I think I am supposed to use trig to figure out the vector components, but I never got the hang of trigonometry...Could I get help with solving?

Quantum Defect
Homework Helper
Gold Member
I think I am supposed to use trig to figure out the vector components, but I never got the hang of trigonometry...Could I get help with solving?

The equation that you give for the cross product is correct for the magnitude. (theta = angle between vectors A and B). The result of a cross product is a vector, however, which has magnitude and direction.

I'll try to figure out the vectors for each...it might take a while.

berkeman
Mentor
I'll try to figure out the vectors for each...it might take a while.

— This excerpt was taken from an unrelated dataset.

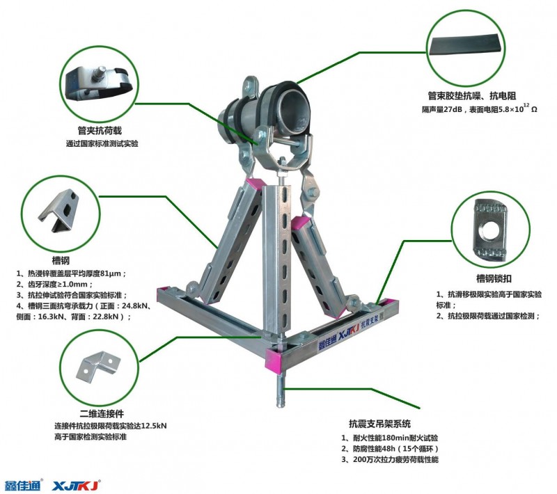 以荷載力學(xué)為基礎(chǔ),地震作用驗(yàn)算為核心,將管道、風(fēng)管、電纜橋架等機(jī)電設(shè)施牢固連接于已做抗震設(shè)計(jì)的建筑體,起到限制機(jī)電工程設(shè)施位移,控制設(shè)施振動(dòng),并將荷載傳遞至承載結(jié)構(gòu)上作用的各類組件或裝置。其抗震支撐的主要目的就是把地震所造成的生命與財(cái)產(chǎn)損失減少到最低程度。這類產(chǎn)品我們稱之為抗震支吊架。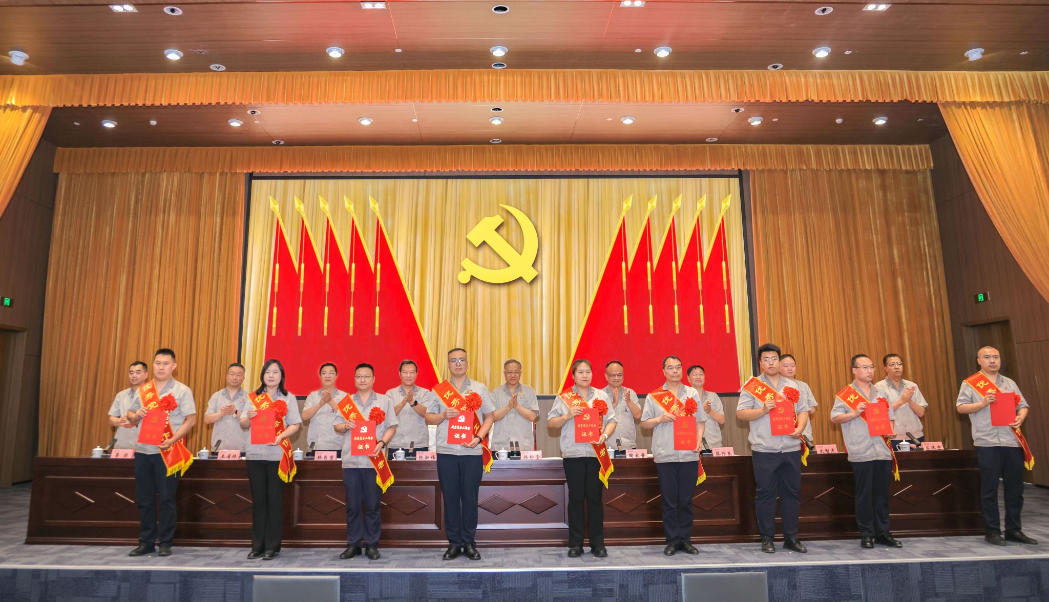 党徽熠熠生辉,旗帜鲜艳似火,大会在庄严的国歌声中拉开帷幕。集团公司党委副书记、副董事长、总经理陶家晋主持会议。公司党委专职副书记、副董事长张新伟宣读集团公司党委《关于表彰优秀共产党员、优秀党务工作者和先进基层党组织的决定》。“两优一先”代表们身披绶带、胸佩红花依次登台,公司领导为他们颁奖。

Do you know how to convert from the "polar" representation of vectors (which is what you were given) to the "rectangular" representation? You use the rectangular representation to do the cross product more easily...

haruspex
Homework Helper
Gold Member
convert from the "polar" representation
No, that's quite unnecessary here. Much easier to stay in polar for this one.
Magnitude of (AXB)=A*B*sin(theta)
I know that A and B are 36.9 degrees apart
Right, so what is theta in that cross product equation?
The next challenge is to figure out the direction of AxB. There are two parts to this.
In general, if I take the cross product of two vectors to get a third, a x b = c, what is the angle between a and c?
The second part is to get the sign right. This is tricky because a x b is equal and opposite to b x a. As Quantum Defect indicated, you need to use the 'right hand rule'. (This is because the answer is governed by a convention and is part of the definition of cross product. It could have been defined the other way and all of the mathematics would still work, but it's necessary to have an agreed definition and the right hand rule is it.)

berkeman